● WHAT IS EXPECTED
The entries below need to be transcribed exactly, without their images.

● STORED DATA
============

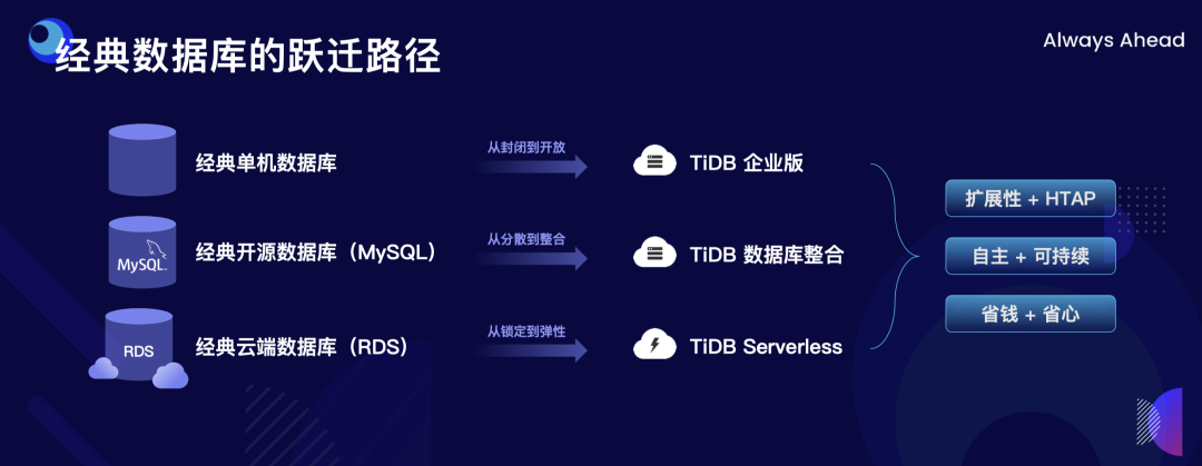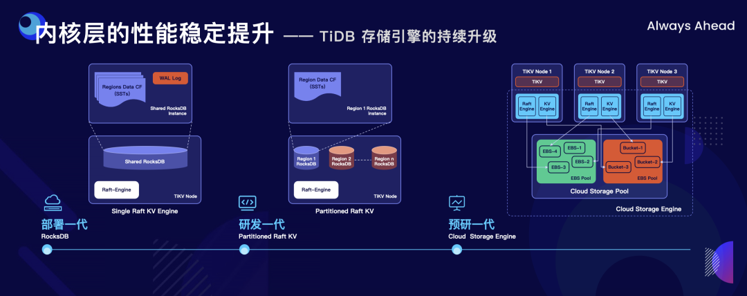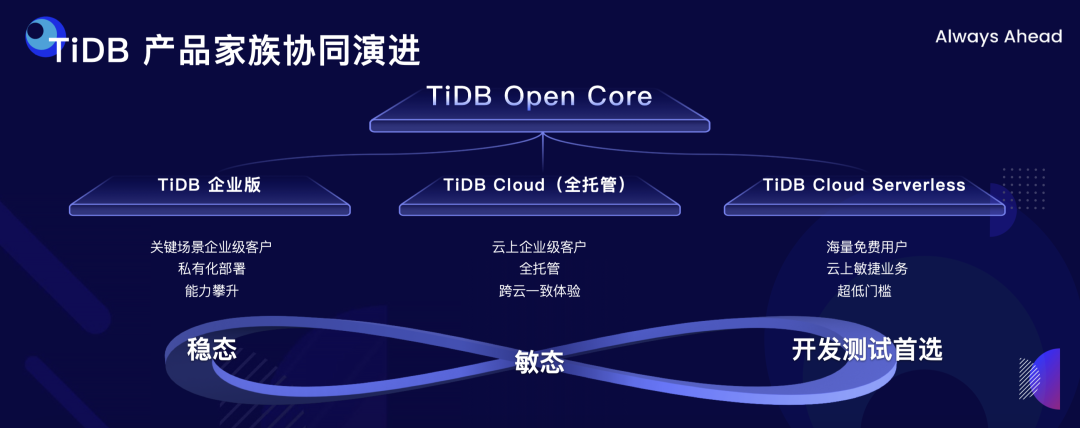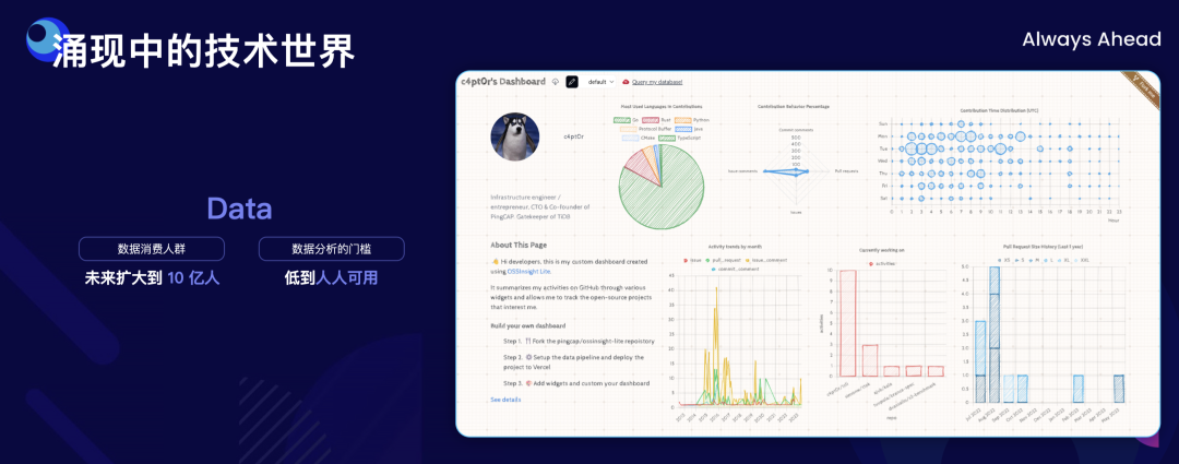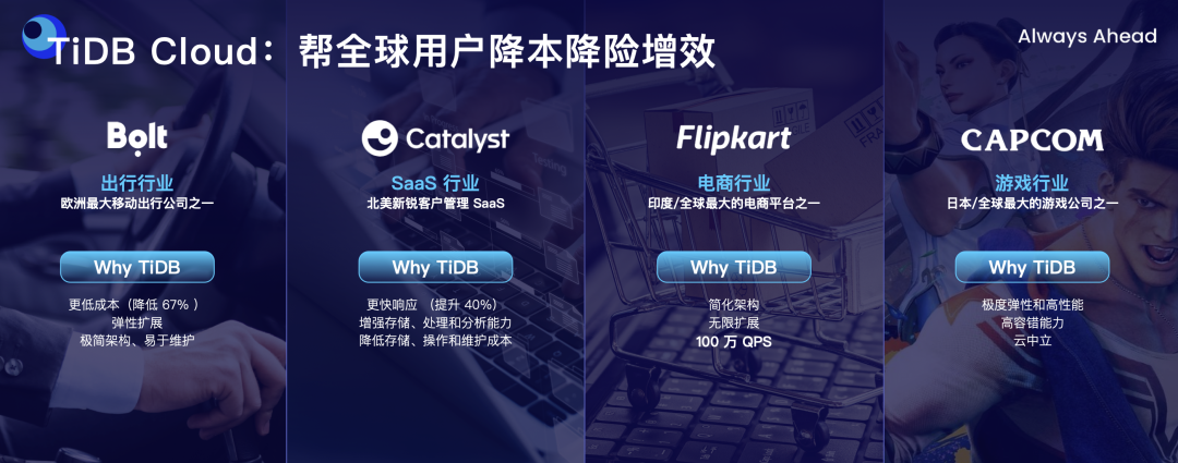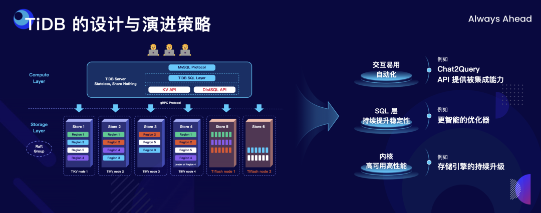 作为一家软件公司,我们思考的问题直接体感通常有两个:一个是代码,一个是数据。先从代码说起,大家有没有意识到,很多人在过去一段时间不自觉地变成了程序员。今天,我们向 ChatGPT 提问题,它会给我们一个答案;向它提要求,它会给我们一个结果。比如我们可以让 ChatGPT 做总结、写文章,或者让它生成图片。大家可以回忆一下,在 AI 时代到来之前,所有这些工作都需要用程序去完成。我们需要用各种各样的辅助工具,那些东西都需要编程开发。而今天,我们没有写任何一行代码,只是提了个需求,结果就有了。以前,这需要很多程序员很长时间努力才能得到一样的结果。而现在,我们向 AI 发命令、提要求、提问题就能拿到结果,事实上就等于完成了编程工作。现在,自然语言已经成为最热门的编程语言。在过去七个月的时间里,GitHub 上新增代码中已经有超过 46% 是由 AI 生成的。如果从软件开发效率的角度看,AI 实际上已经完成差不多一半的人类工作。再说数据,我们今年一月份发布了一个 AI 生成 SQL 的产品,叫 Chat2Query(前往 tidbcloud.com 立即注册体验),用户使用 Chat2Query 就不需要再写 SQL 了,只要用自然语言描述一下希望得到什么数据,希望做一个什么分析,SQL 便会自动生成,只要在数据库里运行一下,就能得到想要的结果,并且还能用图表化的形式自动展示出来。上图右侧是 PingCAP CTO 黄东旭在 GitHub 上的个人数据看板。以前要实现这样一个数据看板,需要一个前端程序员、需要一个数据分析人员写 SQL 来分析数据,还需要一个后端程序员部署服务,甚至还需要知道一点云的知识,理解如何把应用部署在云上。到了今天,这变成一件非常简单的事情,只需十分钟,一行代码都不用写。这是一次巨大的生产力提升,AI 带来的能力让数据消费的门槛变得极低。以前,我们必须是一个 SQL 的专家,才能分析数据。有人曾经写过一万多行的 SQL 来处理一个分析需求,这个东西不是人类能轻易掌握的。如今,这个门槛已经降到人人都有可能做到。这意味着我们只要能够连接上电脑,能和 AI 交互,能接触到数据,就可以消费数据。这个数量级可能达到 10 亿人。在接下来的几年里,由数据消费门槛降低带来的数据消费人数的增加,数据消费频次的增长,将使数据呈 10-100 倍规模的增长,这是一个远超我们预期的增速。以上改变,将给数据库带来巨大的挑战,数据消费的门槛降到人人可用的程度,需要每个人都有一个数据库可用。早在四五年前,我和 CTO 黄东旭探讨过一个话题——如果 PingCAP 要为全世界所有开发者提供一个免费的数据库,那这个数据库的架构应该是什么样?我们希望这个数据库能够做到实时在线,随时都可以访问,随时都可以用;我们也希望它是一个开放的生态,因为我们不仅仅有存在数据库里面的数据,还有很多存在其他地方的数据,我们需要有一个生态能够和所有数据消费端做更好的对接。后来,我们形成了一个结论,起码它应该是个云原生的架构。如果不是云原生的架构,我们就没有办法去应对各种各样弹性的需求;今天,一个用户相对容易预测,那为全球所有开发者都提供一个免费的数据库,就意味着我们会有数千万甚至数亿的用户,这个数据库怎么才能做得到?它需要很强的数据整合能力;其次,因为不同用户的需求是不一样的,数据量也不同,我们需要它有非常强的弹性扩展能力。过去这两年的变化特别快,大家感知最直观的可能是宏观经济变化很快,其实除此之外,AI 技术的进步速度也非常快。从 ChatGPT 在去年 11 月底推出,到今天才过去短短八个月的时间。这八个月中已经创造了无数新的纪录,包括一个新的项目在 GitHub 上面获得 Star 的数据、ChatGPT 用户增长的速度等等。大家在面对大量新技术的时候,都做出了最直观的选择,那就是拥抱先进性。过去一段时间我在与美国、日本的客户交流时,最直接的感受是每个人都在讨论两个方向,一个是成本,另一个是效率。在当前经济环境下,这几乎成了所有人的共同选择。如果仔细观察 TiDB 发展的轨迹,你就会发现用户对数据库的关注点,其实和 TiDB 实际解决的问题是高度一致的。TiDB 在稳定性、性能、高可用性、易用性、工具生态的提升等方面付出了巨大努力。但我们认为这件事光努力还不够,我们还需要有一个非常好的演进策略以及分层的架构设计。在内部,我们有一个说法叫做 API First,各个模块之间优先设计 API(接下来我们也会推出更多基于 Open API 规范的 API 测试),有了 API 之后系统就很容易被其他各种各样的业务系统集成。举个例子,各大型用户基于 TiDB 都有自己公司内部的运维平台,通过我们提供的 API 能更好地融合到客户内部的平台里。在日本我和一个客户交流的时候,对方专门提到过这一点。过去他们需要花几天时间才能完成新版本的集成,但有 API 之后只要花几分钟就能做到。TiDB 整个系统除了模块化的切分,也做了很好的纵向切割,从上到下分成三层。比如 Chat2Query 在最上面一层,这层会更关注整个系统的交互性、易用性,如何让系统更加自动化、更加智能;在 SQL 层主要关注如何提升它的稳定性,让它变得更加智能。比如 TiDB 的优化器如何更智能地选择,到底使用行存还是列存,还是让行列同时使用;最下面是内核层,所有人对此的关注点都一样,就是高可用、高性能。在内核层,TiDB 的存储引擎使用了一个持续升级的策略
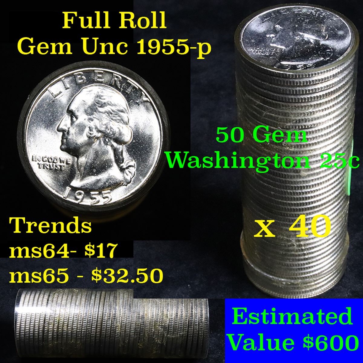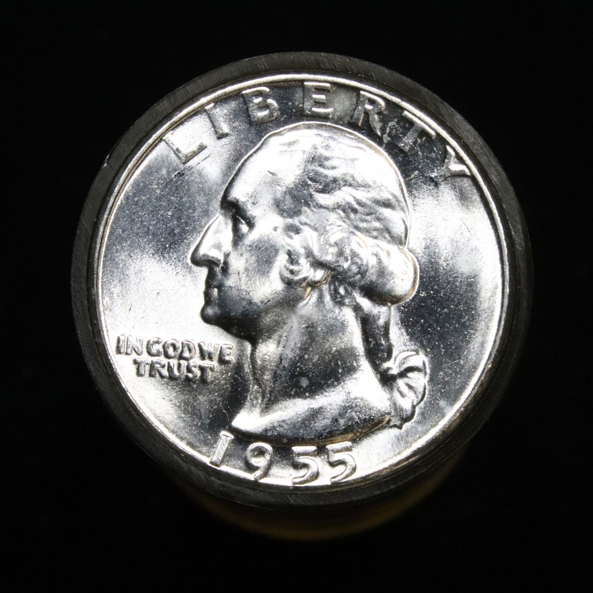 1955-p Washington Quarter 25c roll, 40 pieces. A real find. A great roll of brilliant uncirculated Washington Quarters. All 1955-p Trends lists ms64 at $15/each, $600
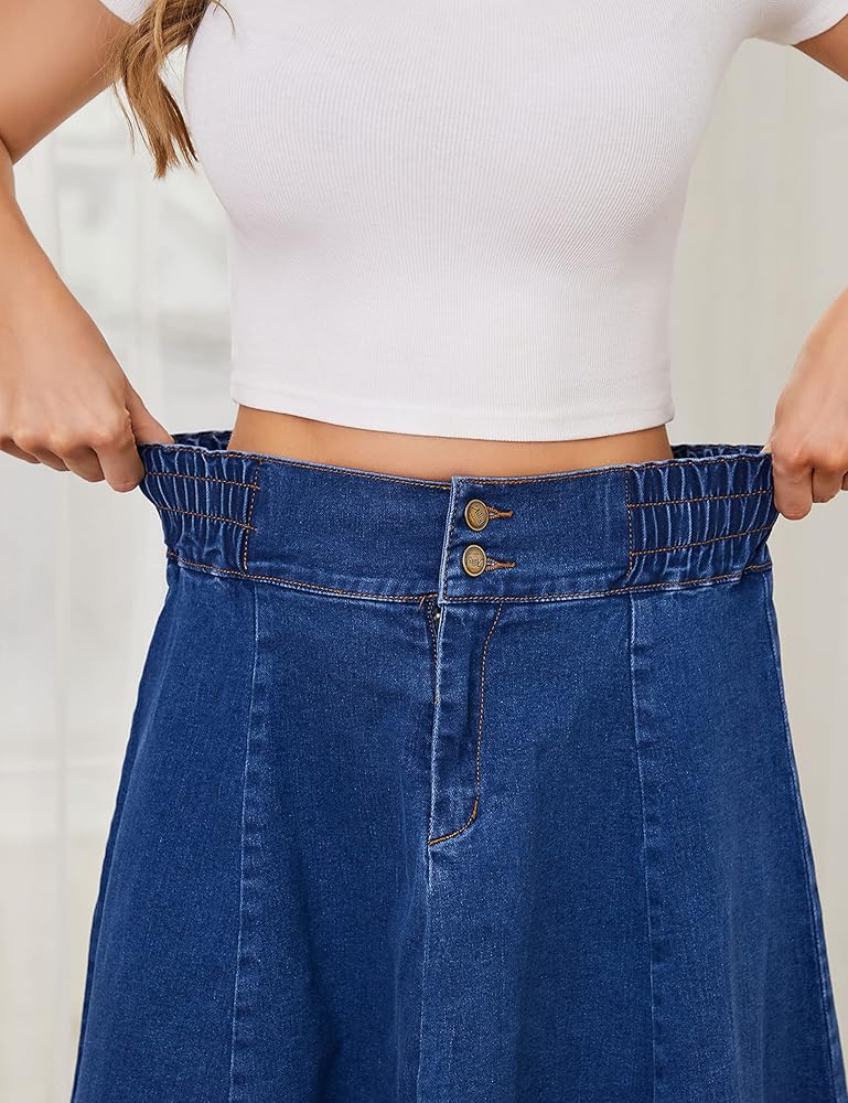 تنورة جينز زرقاء للنساء تتميز بخصر عالٍ، وخصر مرن، وحاشية واسعة، وزر وسحاب للإغلاق، لون ثابت
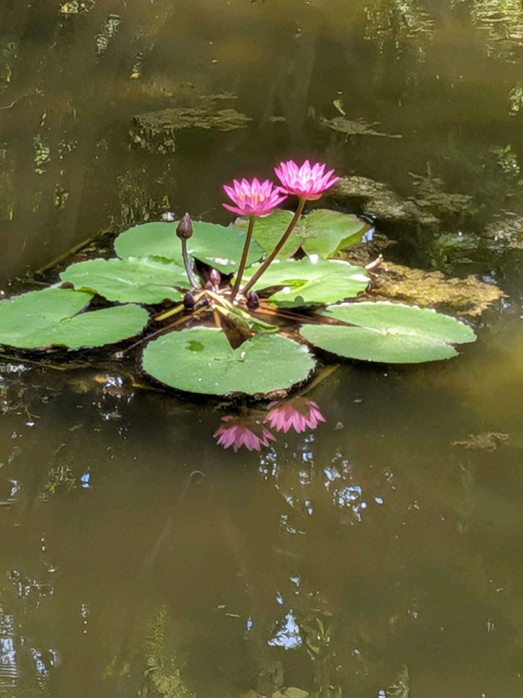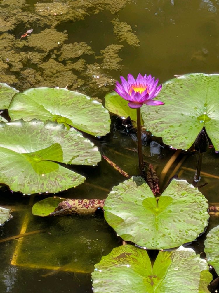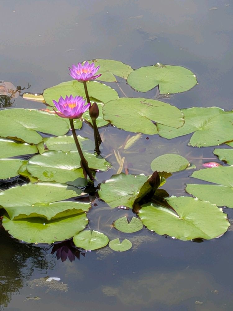 熱帯スイレンは水面から花柄を出します。赤色や、ピンク色に加えて青色、紫色など花の色が豊富で、夜咲きの系統もあります。
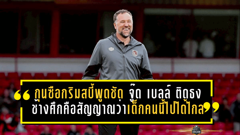 ชื่อของ จู๊ด ซุ่นทรัพย์-เบลล์ หอกหนุ่มของ กริมสบี้ ทาวน์ ถูกเรียกติด ทีมชาติไทย ชุดใหญ่ ก่อนโปรแกรมสำคัญปลายเดือนนี้ที่ต้องดวลเติร์กเมนิสถานในเกมตัดสินเส้นทาง คัดเอเชียน คัพ และทันทีที่ข่าวออกมา เสียงจากฝั่งสโมสรในอังกฤษก็ชัดเจน—นี่ไม่ใช่แค่ “ข่าวดี” แต่มันคือการยืนยันว่าผลงานและการเติบโตของนักเตะกำลังถูกเห็นจริง

============

● EXERCISE ANSWER
 作为一家软件公司,我们思考的问题直接体感通常有两个:一个是代码,一个是数据。先从代码说起,大家有没有意识到,很多人在过去一段时间不自觉地变成了程序员。今天,我们向 ChatGPT 提问题,它会给我们一个答案;向它提要求,它会给我们一个结果。比如我们可以让 ChatGPT 做总结、写文章,或者让它生成图片。大家可以回忆一下,在 AI 时代到来之前,所有这些工作都需要用程序去完成。我们需要用各种各样的辅助工具,那些东西都需要编程开发。而今天,我们没有写任何一行代码,只是提了个需求,结果就有了。以前,这需要很多程序员很长时间努力才能得到一样的结果。而现在,我们向 AI 发命令、提要求、提问题就能拿到结果,事实上就等于完成了编程工作。现在,自然语言已经成为最热门的编程语言。在过去七个月的时间里,GitHub 上新增代码中已经有超过 46% 是由 AI 生成的。如果从软件开发效率的角度看,AI 实际上已经完成差不多一半的人类工作。再说数据,我们今年一月份发布了一个 AI 生成 SQL 的产品,叫 Chat2Query(前往 tidbcloud.com 立即注册体验),用户使用 Chat2Query 就不需要再写 SQL 了,只要用自然语言描述一下希望得到什么数据,希望做一个什么分析,SQL 便会自动生成,只要在数据库里运行一下,就能得到想要的结果,并且还能用图表化的形式自动展示出来。上图右侧是 PingCAP CTO 黄东旭在 GitHub 上的个人数据看板。以前要实现这样一个数据看板,需要一个前端程序员、需要一个数据分析人员写 SQL 来分析数据,还需要一个后端程序员部署服务,甚至还需要知道一点云的知识,理解如何把应用部署在云上。到了今天,这变成一件非常简单的事情,只需十分钟,一行代码都不用写。这是一次巨大的生产力提升,AI 带来的能力让数据消费的门槛变得极低。以前,我们必须是一个 SQL 的专家,才能分析数据。有人曾经写过一万多行的 SQL 来处理一个分析需求,这个东西不是人类能轻易掌握的。如今,这个门槛已经降到人人都有可能做到。这意味着我们只要能够连接上电脑,能和 AI 交互,能接触到数据,就可以消费数据。这个数量级可能达到 10 亿人。在接下来的几年里,由数据消费门槛降低带来的数据消费人数的增加,数据消费频次的增长,将使数据呈 10-100 倍规模的增长,这是一个远超我们预期的增速。以上改变,将给数据库带来巨大的挑战,数据消费的门槛降到人人可用的程度,需要每个人都有一个数据库可用。早在四五年前,我和 CTO 黄东旭探讨过一个话题——如果 PingCAP 要为全世界所有开发者提供一个免费的数据库,那这个数据库的架构应该是什么样?我们希望这个数据库能够做到实时在线,随时都可以访问,随时都可以用;我们也希望它是一个开放的生态,因为我们不仅仅有存在数据库里面的数据,还有很多存在其他地方的数据,我们需要有一个生态能够和所有数据消费端做更好的对接。后来,我们形成了一个结论,起码它应该是个云原生的架构。如果不是云原生的架构,我们就没有办法去应对各种各样弹性的需求;今天,一个用户相对容易预测,那为全球所有开发者都提供一个免费的数据库,就意味着我们会有数千万甚至数亿的用户,这个数据库怎么才能做得到?它需要很强的数据整合能力;其次,因为不同用户的需求是不一样的,数据量也不同,我们需要它有非常强的弹性扩展能力。过去这两年的变化特别快,大家感知最直观的可能是宏观经济变化很快,其实除此之外,AI 技术的进步速度也非常快。从 ChatGPT 在去年 11 月底推出,到今天才过去短短八个月的时间。这八个月中已经创造了无数新的纪录,包括一个新的项目在 GitHub 上面获得 Star 的数据、ChatGPT 用户增长的速度等等。大家在面对大量新技术的时候,都做出了最直观的选择,那就是拥抱先进性。过去一段时间我在与美国、日本的客户交流时,最直接的感受是每个人都在讨论两个方向,一个是成本,另一个是效率。在当前经济环境下,这几乎成了所有人的共同选择。如果仔细观察 TiDB 发展的轨迹,你就会发现用户对数据库的关注点,其实和 TiDB 实际解决的问题是高度一致的。TiDB 在稳定性、性能、高可用性、易用性、工具生态的提升等方面付出了巨大努力。但我们认为这件事光努力还不够,我们还需要有一个非常好的演进策略以及分层的架构设计。在内部,我们有一个说法叫做 API First,各个模块之间优先设计 API(接下来我们也会推出更多基于 Open API 规范的 API 测试),有了 API 之后系统就很容易被其他各种各样的业务系统集成。举个例子,各大型用户基于 TiDB 都有自己公司内部的运维平台,通过我们提供的 API 能更好地融合到客户内部的平台里。在日本我和一个客户交流的时候,对方专门提到过这一点。过去他们需要花几天时间才能完成新版本的集成,但有 API 之后只要花几分钟就能做到。TiDB 整个系统除了模块化的切分,也做了很好的纵向切割,从上到下分成三层。比如 Chat2Query 在最上面一层,这层会更关注整个系统的交互性、易用性,如何让系统更加自动化、更加智能;在 SQL 层主要关注如何提升它的稳定性,让它变得更加智能。比如 TiDB 的优化器如何更智能地选择,到底使用行存还是列存,还是让行列同时使用;最下面是内核层,所有人对此的关注点都一样,就是高可用、高性能。在内核层,TiDB 的存储引擎使用了一个持续升级的策略
 1955-p Washington Quarter 25c roll, 40 pieces. A real find. A great roll of brilliant uncirculated Washington Quarters. All 1955-p Trends lists ms64 at $15/each, $600
 تنورة جينز زرقاء للنساء تتميز بخصر عالٍ، وخصر مرن، وحاشية واسعة، وزر وسحاب للإغلاق، لون ثابت
 熱帯スイレンは水面から花柄を出します。赤色や、ピンク色に加えて青色、紫色など花の色が豊富で、夜咲きの系統もあります。
 ชื่อของ จู๊ด ซุ่นทรัพย์-เบลล์ หอกหนุ่มของ กริมสบี้ ทาวน์ ถูกเรียกติด ทีมชาติไทย ชุดใหญ่ ก่อนโปรแกรมสำคัญปลายเดือนนี้ที่ต้องดวลเติร์กเมนิสถานในเกมตัดสินเส้นทาง คัดเอเชียน คัพ และทันทีที่ข่าวออกมา เสียงจากฝั่งสโมสรในอังกฤษก็ชัดเจน—นี่ไม่ใช่แค่ “ข่าวดี” แต่มันคือการยืนยันว่าผลงานและการเติบโตของนักเตะกำลังถูกเห็นจริง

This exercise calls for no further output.